A set of experiments was completed that clearly shows that drilling muds can cause large irreversible damage to fractures and dramatically reduce the productivity of wells producing from a natural fracture network. The use of sized fibers as an additive to drilling muds can significantly reduce both the depth and extent of formation damage. Granular additives (such as CaCO3) are much less effective. The use of acid soluble fibers is, therefore, recommended for reducing formation damage in fractured reservoirs.


Production in many of the world's most prolific reservoirs comes almost entirely from systems of fractures in the producing pay that intersect the wellbore These fractures provide excellent permeability for oil and gas to flow into the wellbore even when the matrix permeability is very small. It has been observed in many instances that significant decreases in productivity are obtained when drilling through these producing intervals with water or oil-based muds. These declines are sometimes noted even in situations where drilling is performed underbalanced It is surprising, therefore, that there is very little work reported in the literature investigating formation damage in such fractured reservoirs.

In this report, the extent and depth of formation damage induced by mud solids as they invade the fracture is discussed. Two types of bridging additives were studied:

  1. long, slender fibers and

  2. granular additives; and the bridging mechanism was investigated.

A great deal of work has been done on lost circulation additives for drilling muds that are used to prevent large scale losses of mud to the formation. Lost circulation problems become particularly acute when drilling through naturally fractured zones and through zones in which fracturing can easily be induced if the mud pressure exceeds the minimum horizontal stress.

Lost circulation materials (LCMs) are usually designed to accomplish two goals:

  1. to bridge across the face of fractures or vugs that already exist and

  2. to prevent the growth of any fractures that may be induced during drilling.

This strategy has led to the development of a whole range of additives that seem to work under some conditions but not in others. There are some general rules of thumb that seem to apply to lost circulation problems:

  1. Oil-based muds are more prone to lost circulation problems than water-based muds.

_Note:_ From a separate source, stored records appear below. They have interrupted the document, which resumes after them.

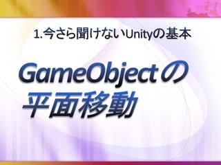 Unityの基本機能のすべてを紹介していません。 むしろほんの僅かです。 作業効率が上がったらラッキーぐらいに思って ください。 不足分は書籍やドキュメントをご覧ください。 誤字脱字・誤りなどがありましたら遠慮なくご連 絡ください。
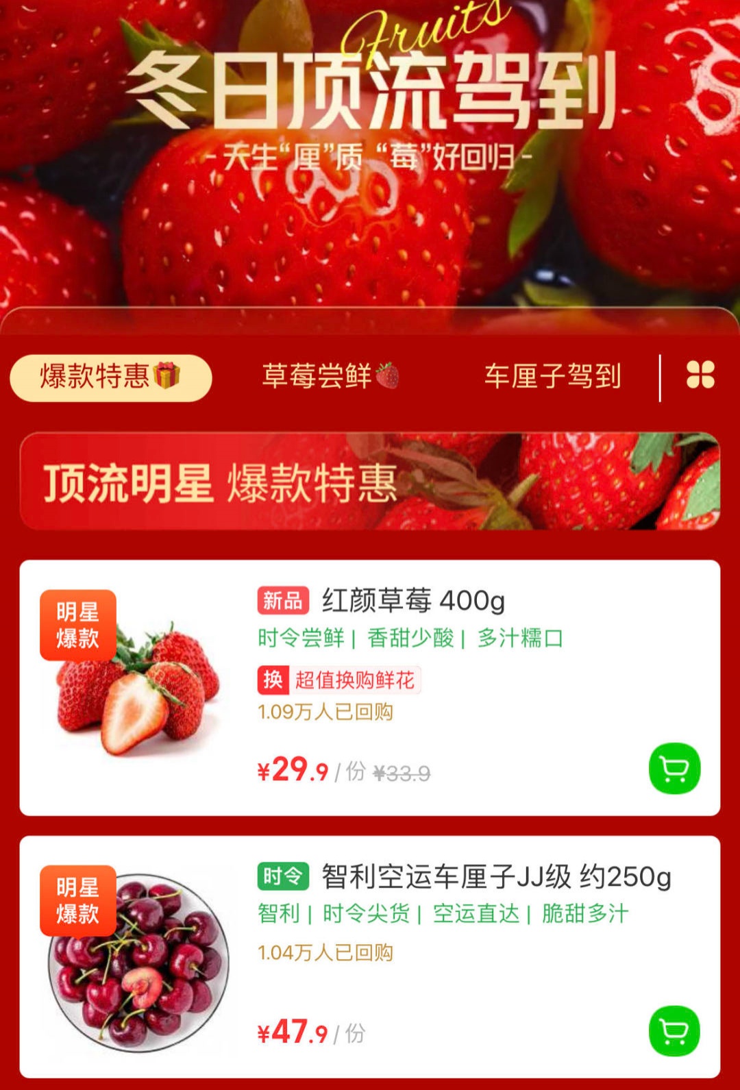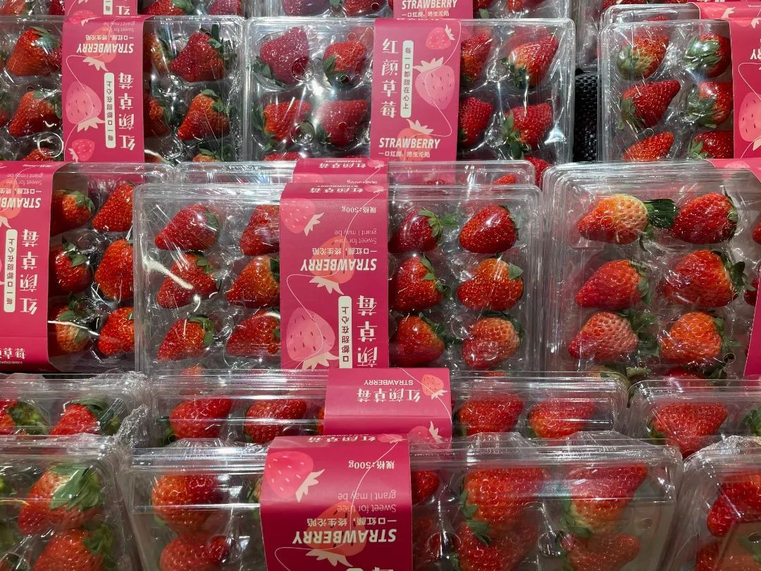 被誉为“冬日水果皇后”的草莓更是被摆放在了商超入口处。记者看到,目前超市出售的草莓有章姬草莓和红颜草莓两个品类。在价格方面,300g盒装章姬草莓售价29.9元,500g盒装红颜草莓售价39.9元,一盒共有20枚。
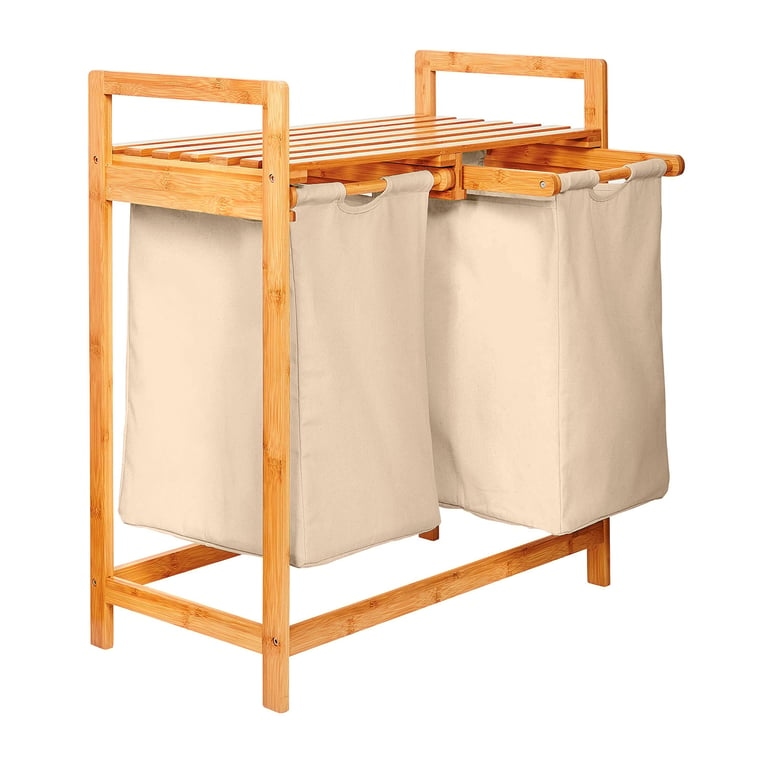 Lumaland Wäschekorb aus Bambus mit 2 ausziehbaren Wäschesäcken - 73 cm x 64 x 33 cm - Beige
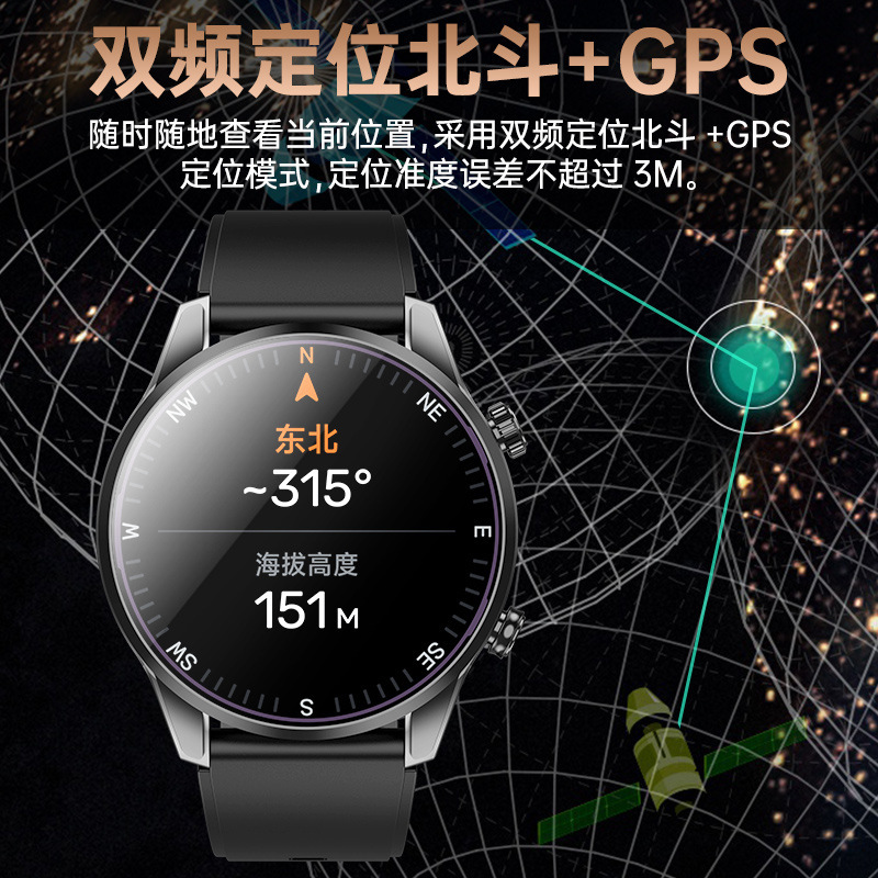 游泳防水户外G1000双频定位北斗GPS蓝牙通话健康气压SOS运动手表
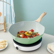 【精选】德铂(Debo) 科巴姆炒锅 DEP-825 30cm 不粘锅 平底网红八角锅 明火电磁炉通用 灰色 含玻璃盖*1、锅身*1
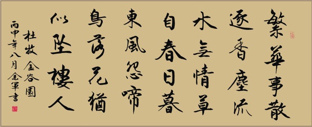 ⑴金谷园:金谷本地名,在河南洛阳市西北,西晋卫尉石崇筑园于此,园极奢丽。
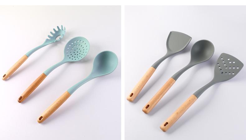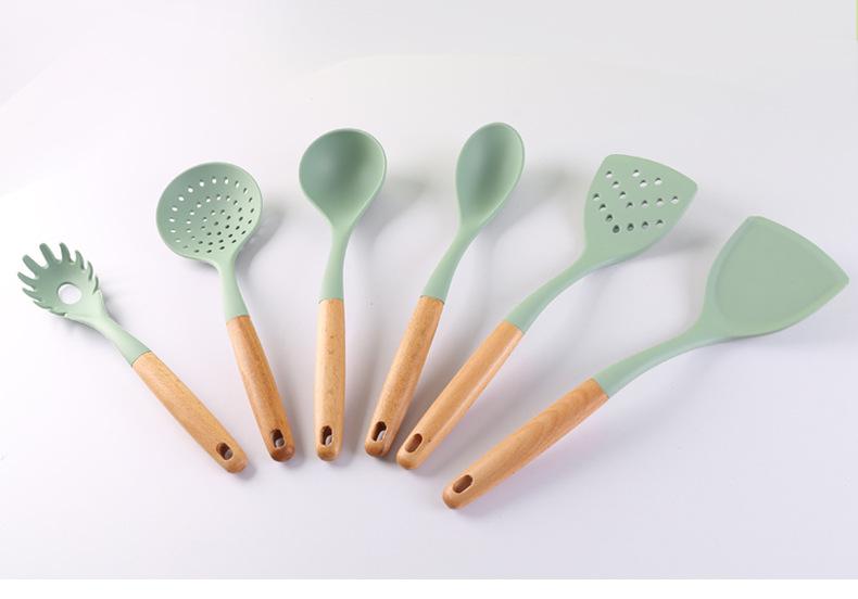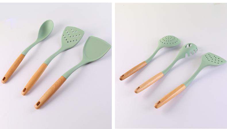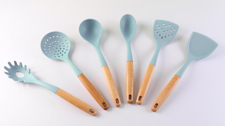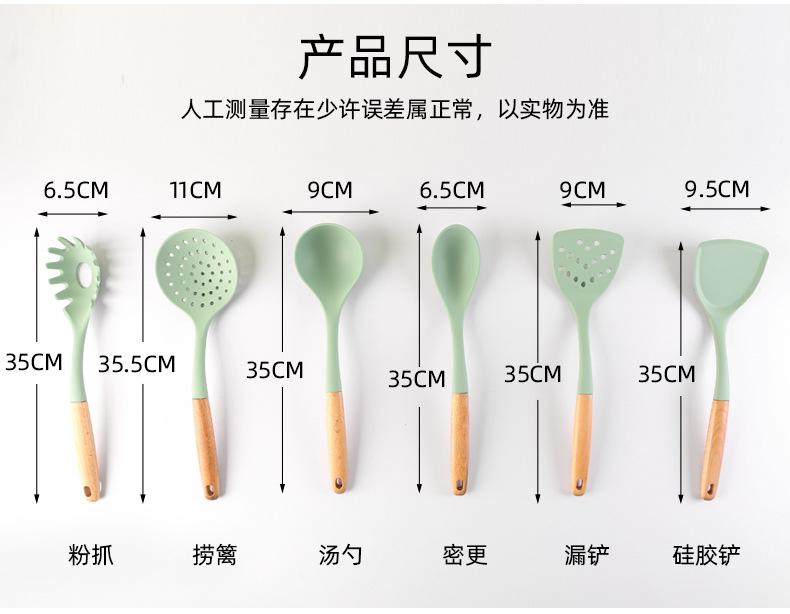 Nome: novos utensílios de cozinha de silicone nórdico com alças de madeira, conjunto duplo de 6 peças, espátula antiaderente de qualidade alimentar resistente a altas temperaturas e conjunto de utensílios de cozinha de colher
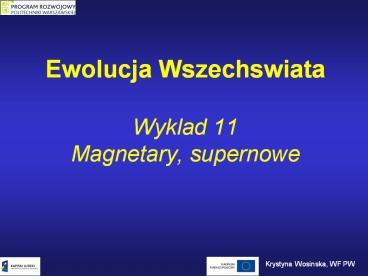 Title: Ewolucja Wszechswiata Wyklad 11 Magnetary, supernowe
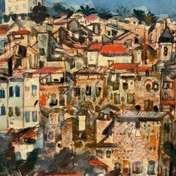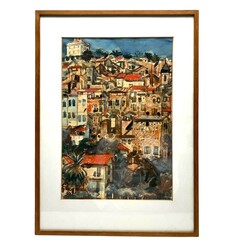 | Omschrijving | Gemengde techniek (waterverf & krijt) op papier. Stadsgezicht, vermoedelijk Italië. Rechtsonder gesigneerd Martin Monnickedam (Amsterdam 1874 - 1943), datering onder passe-partout). |
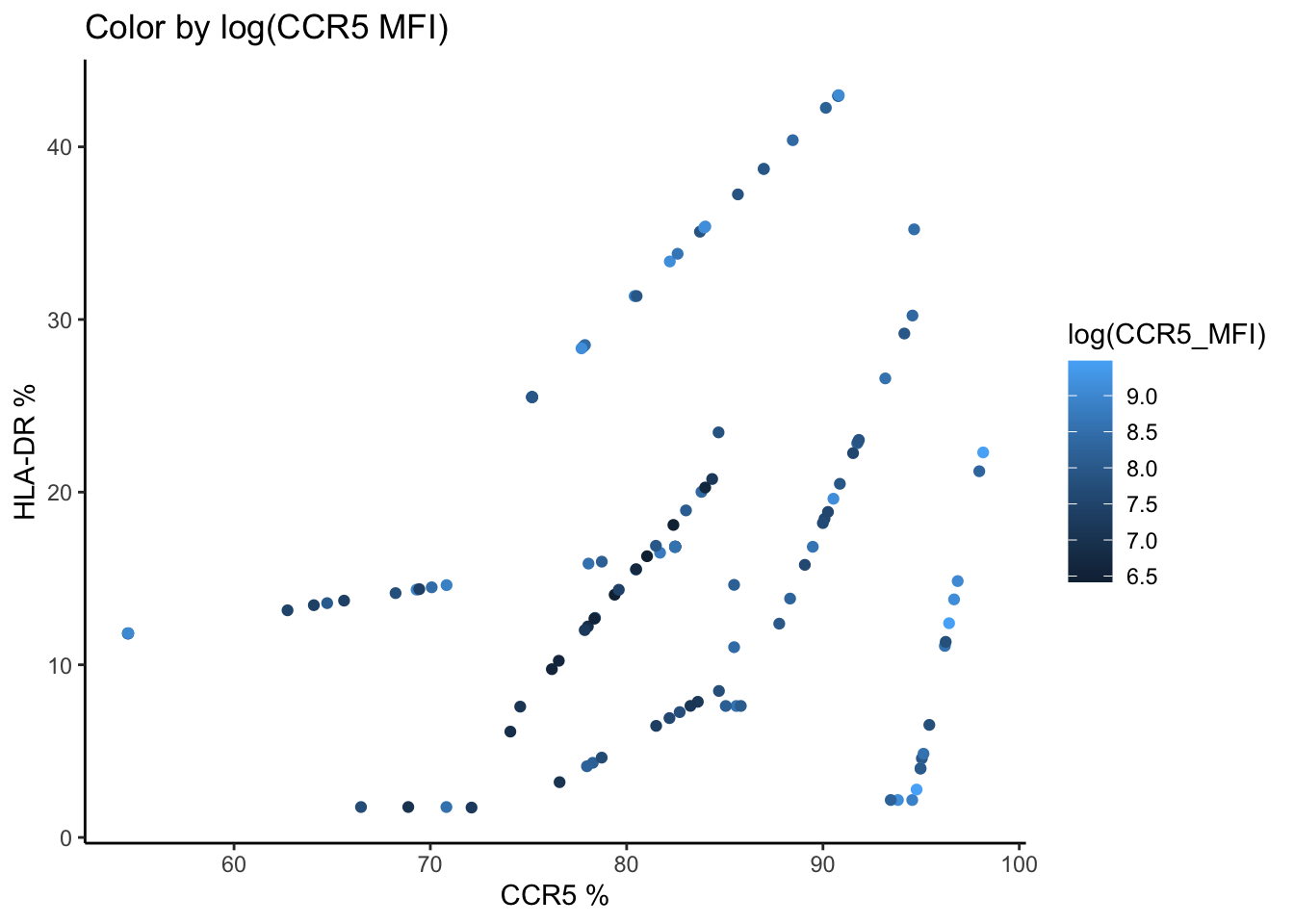 labs(title = "Color by log(CCR5 MFI)", x= "CCR5 %", y= "HLA-DR %")+

  2. The size distribution, concentration, shape and method of application of the fluid loss additive is crucial to the success of a treatment.

    Past data suggests that muds that form mechanically strong filter cakes across the face of a fracture tend to minimize lost circulation problems. In addition, if induced fracturing is a major mechanism for lost circulation, then lost circulation materials that cause effective tip screen outs to prevent fracture growth may be used.